The Holevo bound $\chi \left({\tau }^{\prime }\right)$ as a function of $\alpha =-{\tanh }^{-1}v$ for different values of the normalized momentum $K_1=k_1/m$. We have fixed $W_0=0.05,$ $W_1=6,$ $\lambda =1/2,$ $K_0=1$, and $\theta =\pi /8$. We can see that although $\chi \left({\tau }^{\prime }\right)$ decreases with $\alpha$ initially, it begins to increase for larger values of the rapidity, becoming larger than the value for $\alpha =0$ when $K_1$ is large enough.

Figure 3

The Holevo bound $\chi \left({\tau }^{\prime }\right)$ as a function of $W_1$ for different values of the angle $\theta$ when $\alpha \to \infty$. We have fixed $K_0=1$, $K_1=10$, $W_0=0.05$, and $\lambda =1/2.$ When $\theta$ is small and $W_1$ is large enough, the accessible information always increases when Bob moves fast enough with respect to Alice.

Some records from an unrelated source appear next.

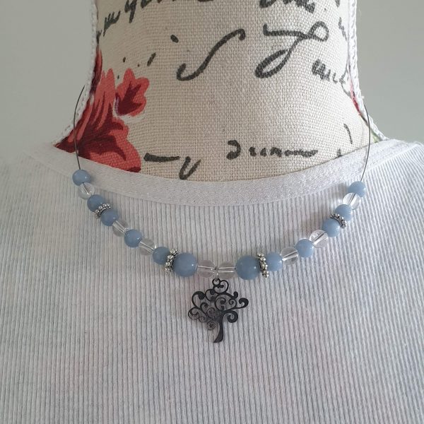 Fabriqué à la main dans notre atelier en Suisse, le demi-collier en pierres naturelles d’angélite offre une douce couleur bleu clair. En lithothérapie*, l’angélite symbolise la patience et l’acceptation. Elle apporterait le calme et la patience, aiderait à la communication et améliorerait la confiance en soi. L’angélite est associée au chakra de la gorge et, bien qu’elle ne soit incompatible avec aucun signe astrologique, elle est particulièrement adaptée pour le signe du Verseaux. N’hésitez pas à consulter le guide des tailles pour vous aider à choisir votre collier.
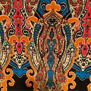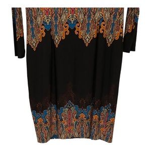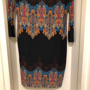 Women's Size M Carmen Carmen Marc Valvo Crew Neck 3/4 Sleeve Black/ Multi Color Block Sheath Midi Dress. Fully lined. Dry clean only.
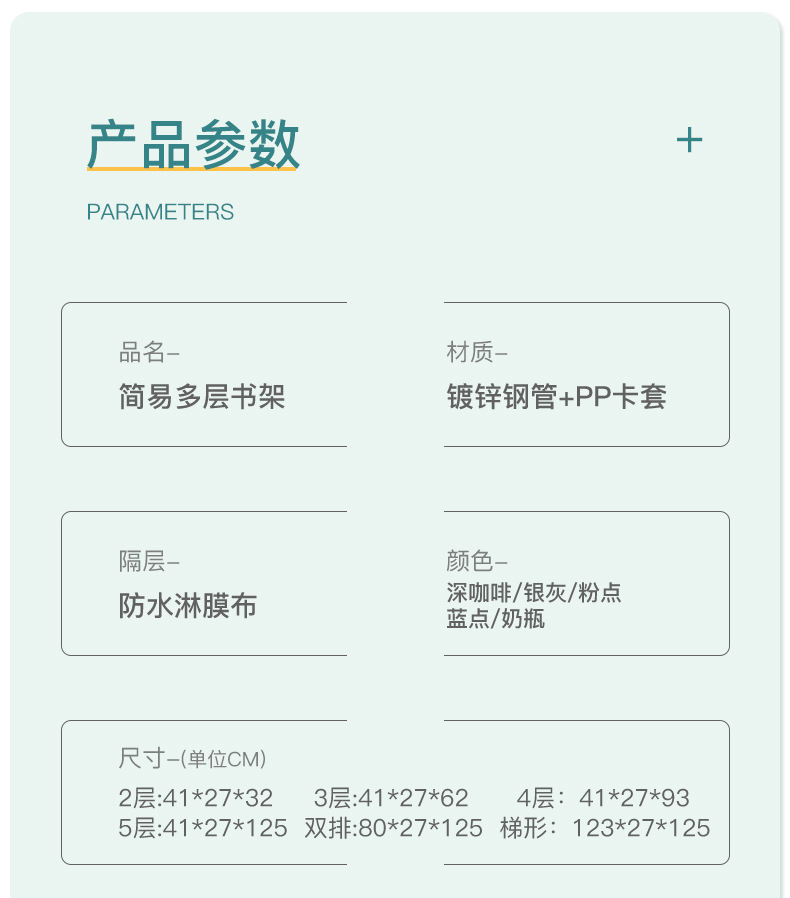 三列12格内盒尺寸:40*30*8.5CM,单件重量2.3公斤左右,外箱尺寸:44.5*42*62CM,每箱10个装,整箱重量:23.15公斤,梯形书架内盒尺寸:40*29*7.5CM,单件重量1.9公斤左右,外箱尺寸:41*40*60CM,每箱10个装,每箱重量21公斤左右,双排书架内盒尺寸:40*29*7.5CM,单件重量:1.6公斤左右,外箱尺寸:47*41*60CM,每箱12个装,整箱重量:18公斤左右,五层四格书架内盒尺寸:40-17*5.5CM,单件重量:1.1公斤左右,外箱尺寸:41*41*60CM,每箱21个装,整箱重量:20.1公斤左右,四层三格书架内盒尺寸:40*17*5.5CM,单件重量:0.9公斤左右,外箱尺寸:41*41*60CM,每箱21个装,每箱重量20.5公斤左右

When $\theta$ is larger (in particular, when it is closer to $\pi /2$), the increase in $W_1$ always leads to a decrease in $\chi \left({\tau }^{\prime }\right)$ and therefore in the accessible information.

Figure 4

The Holevo bound $\chi \left({\tilde{\tau }}^{\prime }\right)$ as a function of $\alpha =-{\tanh }^{-1}v$ for different values of the angle $\theta$. We have chosen $K_0=1$, $K_1=50$, $W_0=0.05$, $W_1=6$, and ${\lambda }_1={\lambda }_2={\lambda }_3={\lambda }_4=1/4.$ For smaller angles ($\theta =0,$ $\theta =\pi /10$, and $\theta =\pi /8$), although $\chi \left({\tilde{\tau }}^{\prime }\right)$ initially decreases with $\alpha$, it eventually increases as the rapidity gets larger, becoming larger than its value for $\alpha =0$ when $\alpha \to \infty$.

Figure 5

${\Delta }_2\equiv \chi \left[\mathcal{E}\left(\tau \right)\right]-\chi \left(\tau \right)$ as a function of $\theta$ for different values of $\lambda$ when $\alpha \to \infty$. We have fixed $W_0=0.05,$ $W_1=6,$ $K_0=1$, and $K_1=50$. We can see that there are two ranges of angles in which ${\Delta }_2\ge 0$ and therefore the map $\mathcal{E}$ is not CP for angles within these ranges.

Figure 6

${\Delta }_4\equiv \chi \left[\mathcal{N}\left(\tilde{\tau }\right)\right]-\chi \left(\tilde{\tau }\right)$ as a function of $\theta$ for different values of ${\lambda }_1,{\lambda }_2,{\lambda }_3$ when $\alpha \to \infty$. We have fixed $W_0=0.05,$ $W_1=6,$ $K_0=1$, and $K_1=50$. We can see that there are two ranges of angles in which ${\Delta }_4\ge 0$ and therefore the map $\mathcal{N}$ is not CP for angles within these ranges.